## Exercise
Set down the first line below and each line after it, ending with the one that holds "ベアトップ レディース トップス". Pictures do not belong in the copy.

## Data entries
>>
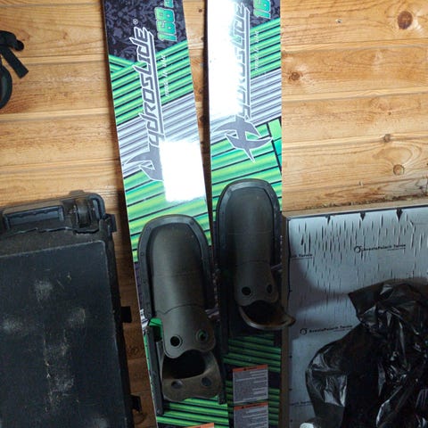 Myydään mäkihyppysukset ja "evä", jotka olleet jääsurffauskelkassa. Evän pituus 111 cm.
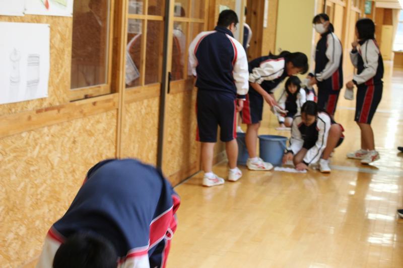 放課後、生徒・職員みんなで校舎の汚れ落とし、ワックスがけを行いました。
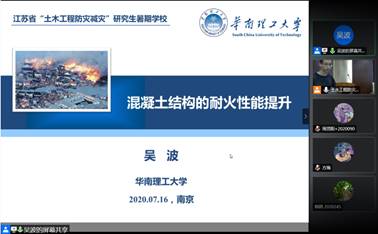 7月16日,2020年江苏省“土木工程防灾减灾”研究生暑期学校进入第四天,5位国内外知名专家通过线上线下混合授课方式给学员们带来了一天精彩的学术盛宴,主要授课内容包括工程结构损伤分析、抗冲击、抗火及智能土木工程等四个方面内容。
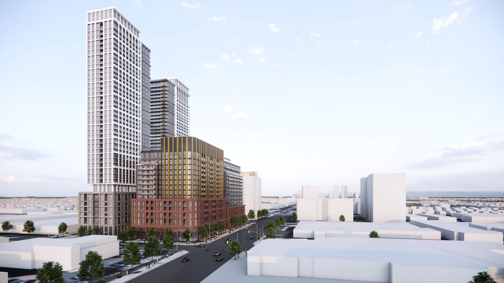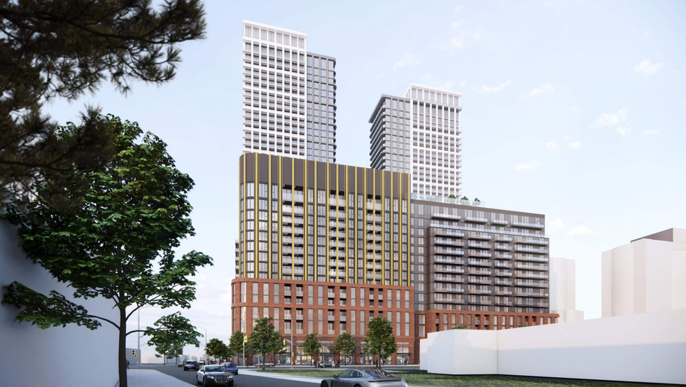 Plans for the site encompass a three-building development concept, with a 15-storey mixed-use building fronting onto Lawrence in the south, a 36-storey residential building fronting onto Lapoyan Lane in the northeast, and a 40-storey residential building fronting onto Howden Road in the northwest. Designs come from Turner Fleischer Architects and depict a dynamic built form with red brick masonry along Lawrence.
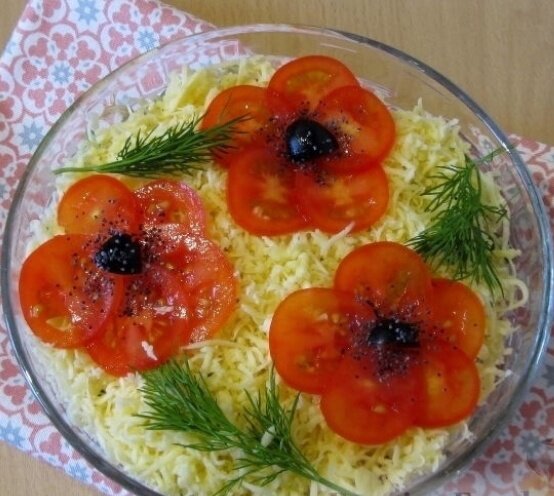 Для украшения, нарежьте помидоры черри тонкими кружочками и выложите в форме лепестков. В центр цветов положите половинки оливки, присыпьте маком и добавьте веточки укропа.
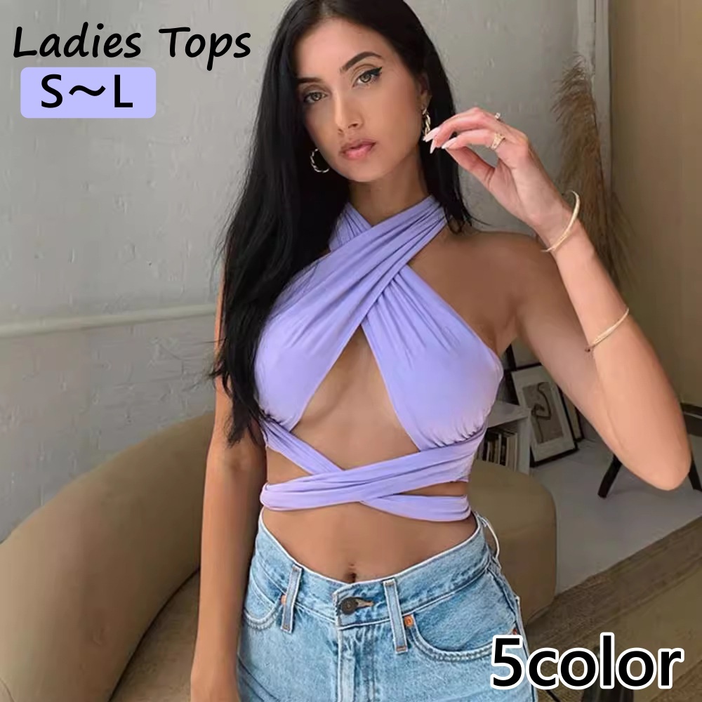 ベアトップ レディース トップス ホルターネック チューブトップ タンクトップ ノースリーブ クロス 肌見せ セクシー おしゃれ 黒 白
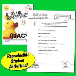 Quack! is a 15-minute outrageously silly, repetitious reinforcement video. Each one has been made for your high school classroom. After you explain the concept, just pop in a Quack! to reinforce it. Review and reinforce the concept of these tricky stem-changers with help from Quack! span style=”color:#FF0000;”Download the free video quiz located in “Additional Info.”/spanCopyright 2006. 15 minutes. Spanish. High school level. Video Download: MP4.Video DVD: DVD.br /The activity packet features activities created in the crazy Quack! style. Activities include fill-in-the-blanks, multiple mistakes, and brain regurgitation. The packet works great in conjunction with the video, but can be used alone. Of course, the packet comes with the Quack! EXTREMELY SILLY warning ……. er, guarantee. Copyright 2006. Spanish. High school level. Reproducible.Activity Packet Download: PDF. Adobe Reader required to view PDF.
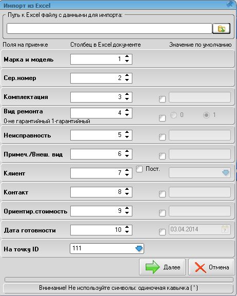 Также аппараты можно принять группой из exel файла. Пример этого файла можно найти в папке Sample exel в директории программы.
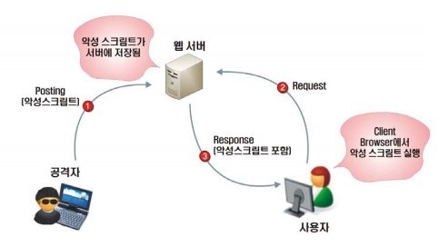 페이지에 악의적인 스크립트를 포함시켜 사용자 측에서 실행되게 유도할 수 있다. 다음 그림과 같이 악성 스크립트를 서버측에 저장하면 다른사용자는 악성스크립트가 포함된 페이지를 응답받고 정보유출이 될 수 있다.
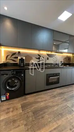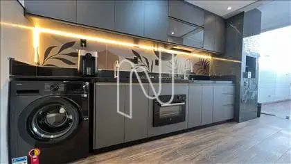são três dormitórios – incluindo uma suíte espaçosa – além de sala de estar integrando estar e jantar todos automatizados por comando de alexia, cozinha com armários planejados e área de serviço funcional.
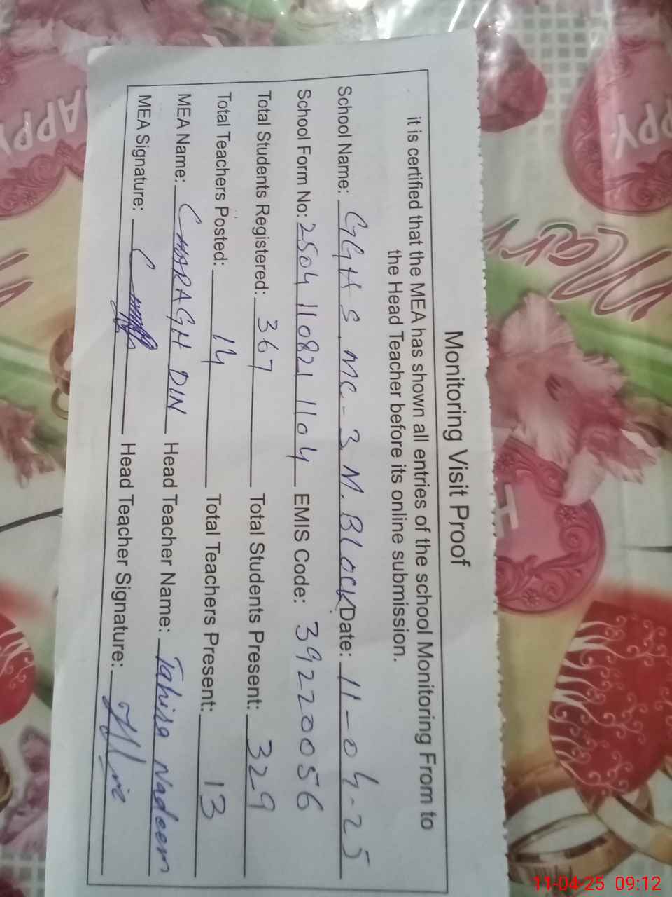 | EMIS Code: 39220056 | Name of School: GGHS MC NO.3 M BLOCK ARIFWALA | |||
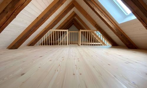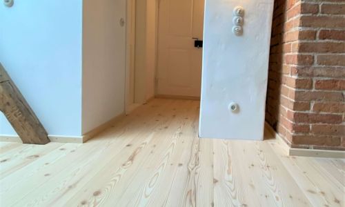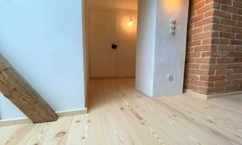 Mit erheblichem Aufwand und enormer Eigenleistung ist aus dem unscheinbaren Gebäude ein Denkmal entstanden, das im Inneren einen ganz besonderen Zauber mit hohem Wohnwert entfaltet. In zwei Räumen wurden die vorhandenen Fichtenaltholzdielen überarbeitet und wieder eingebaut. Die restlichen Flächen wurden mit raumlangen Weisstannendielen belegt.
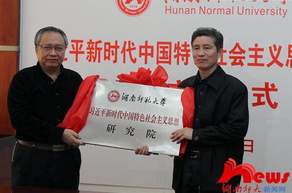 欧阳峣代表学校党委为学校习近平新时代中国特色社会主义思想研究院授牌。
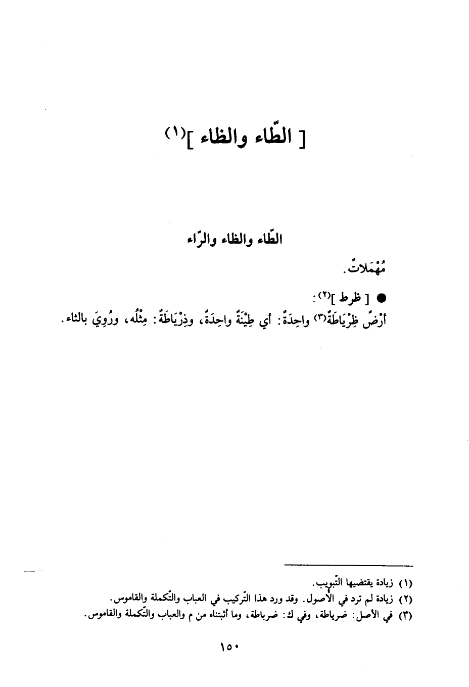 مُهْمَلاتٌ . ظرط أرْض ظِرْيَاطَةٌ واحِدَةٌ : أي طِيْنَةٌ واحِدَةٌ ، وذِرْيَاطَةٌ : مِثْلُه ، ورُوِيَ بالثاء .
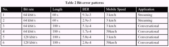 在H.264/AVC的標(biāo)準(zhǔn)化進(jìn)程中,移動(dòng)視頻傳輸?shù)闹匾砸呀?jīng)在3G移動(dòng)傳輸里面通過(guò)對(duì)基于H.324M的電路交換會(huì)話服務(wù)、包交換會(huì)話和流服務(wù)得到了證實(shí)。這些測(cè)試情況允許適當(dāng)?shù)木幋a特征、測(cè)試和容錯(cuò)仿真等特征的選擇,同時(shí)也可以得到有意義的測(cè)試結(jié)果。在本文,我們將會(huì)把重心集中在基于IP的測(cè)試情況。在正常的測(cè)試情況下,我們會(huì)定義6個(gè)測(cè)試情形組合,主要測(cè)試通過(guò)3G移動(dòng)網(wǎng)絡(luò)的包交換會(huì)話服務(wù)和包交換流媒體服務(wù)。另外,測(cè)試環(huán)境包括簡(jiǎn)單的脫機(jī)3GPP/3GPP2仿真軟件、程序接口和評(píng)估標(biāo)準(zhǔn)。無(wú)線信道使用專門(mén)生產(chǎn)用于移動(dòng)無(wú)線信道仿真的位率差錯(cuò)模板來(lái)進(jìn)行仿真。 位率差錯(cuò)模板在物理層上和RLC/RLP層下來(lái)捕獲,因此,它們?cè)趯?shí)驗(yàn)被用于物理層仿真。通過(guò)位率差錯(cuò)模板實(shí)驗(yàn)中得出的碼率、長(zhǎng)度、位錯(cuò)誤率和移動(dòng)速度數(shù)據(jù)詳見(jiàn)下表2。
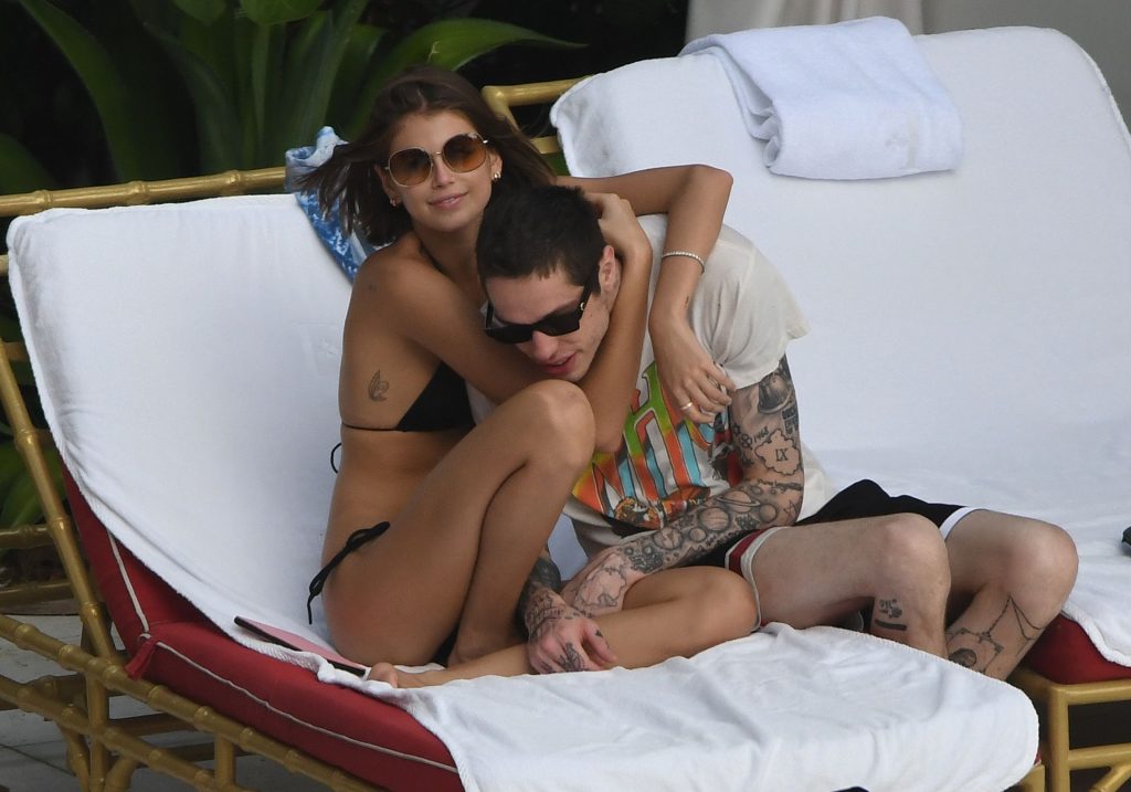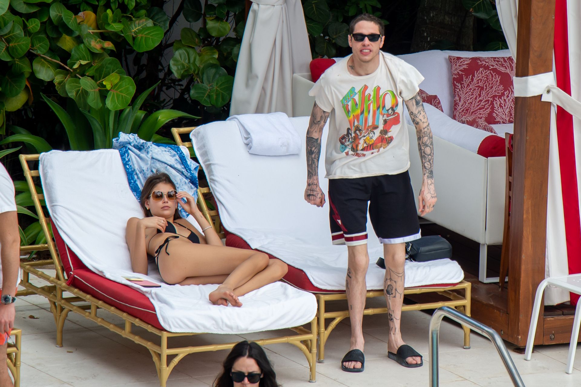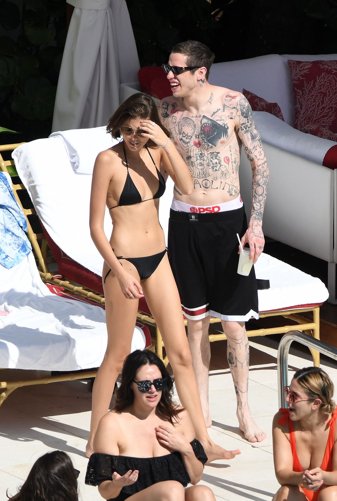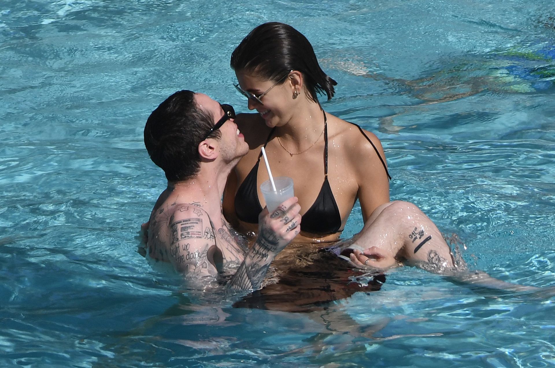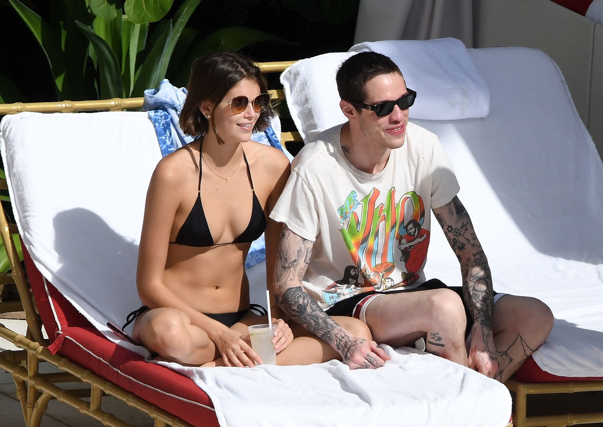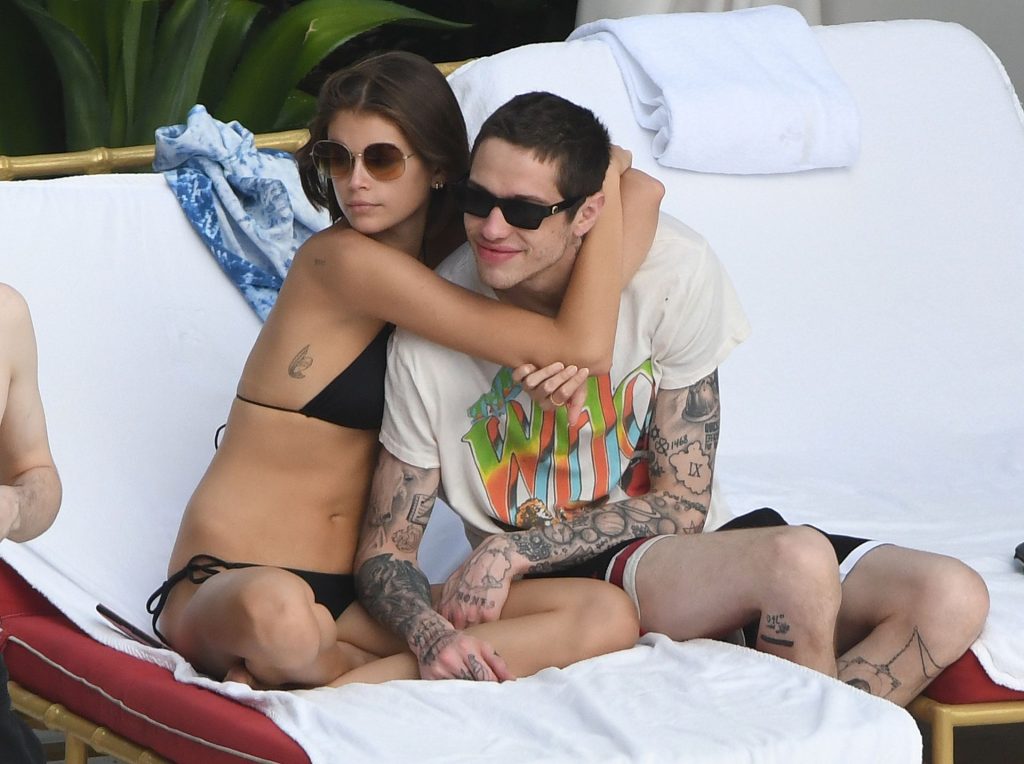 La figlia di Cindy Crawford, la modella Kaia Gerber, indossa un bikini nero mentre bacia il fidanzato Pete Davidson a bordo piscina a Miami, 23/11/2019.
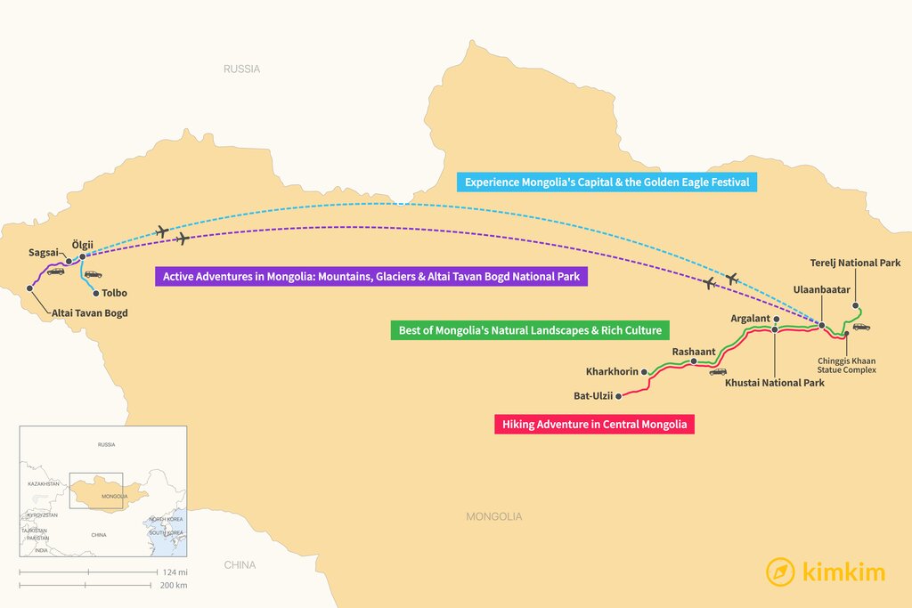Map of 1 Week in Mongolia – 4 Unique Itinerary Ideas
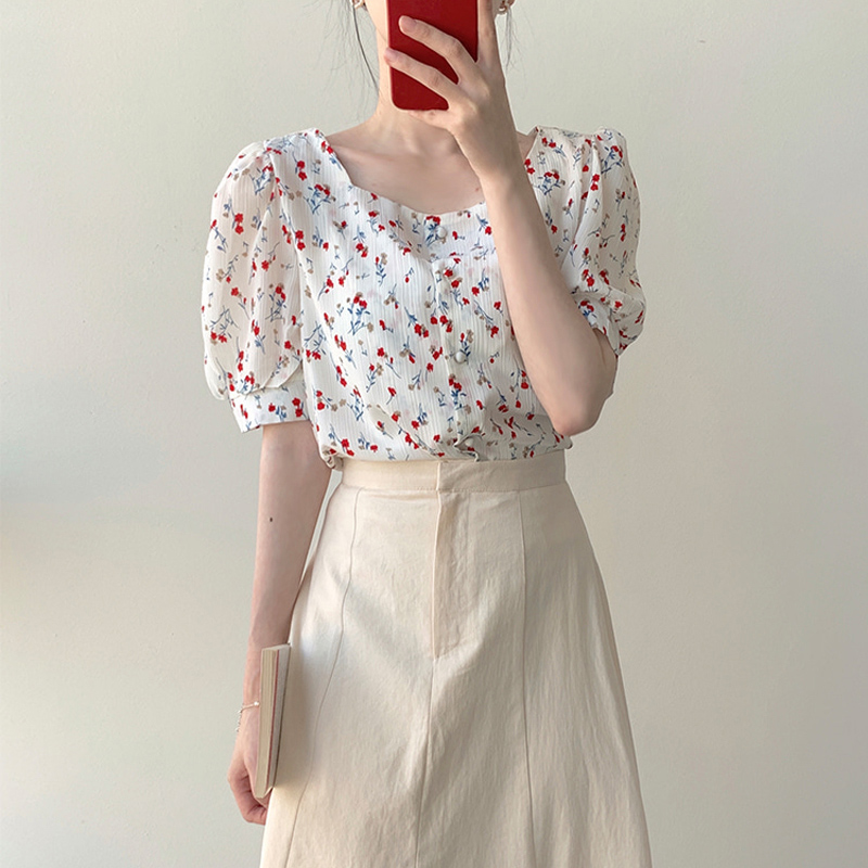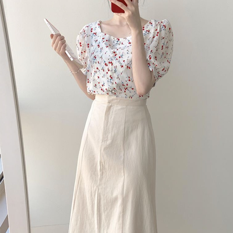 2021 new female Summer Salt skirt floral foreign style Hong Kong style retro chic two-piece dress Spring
<<
## Exercise result
 Myydään mäkihyppysukset ja "evä", jotka olleet jääsurffauskelkassa. Evän pituus 111 cm.
 放課後、生徒・職員みんなで校舎の汚れ落とし、ワックスがけを行いました。
 7月16日,2020年江苏省“土木工程防灾减灾”研究生暑期学校进入第四天,5位国内外知名专家通过线上线下混合授课方式给学员们带来了一天精彩的学术盛宴,主要授课内容包括工程结构损伤分析、抗冲击、抗火及智能土木工程等四个方面内容。
 Plans for the site encompass a three-building development concept, with a 15-storey mixed-use building fronting onto Lawrence in the south, a 36-storey residential building fronting onto Lapoyan Lane in the northeast, and a 40-storey residential building fronting onto Howden Road in the northwest. Designs come from Turner Fleischer Architects and depict a dynamic built form with red brick masonry along Lawrence.
 Для украшения, нарежьте помидоры черри тонкими кружочками и выложите в форме лепестков. В центр цветов положите половинки оливки, присыпьте маком и добавьте веточки укропа.
 ベアトップ レディース トップス ホルターネック チューブトップ タンクトップ ノースリーブ クロス 肌見せ セクシー おしゃれ 黒 白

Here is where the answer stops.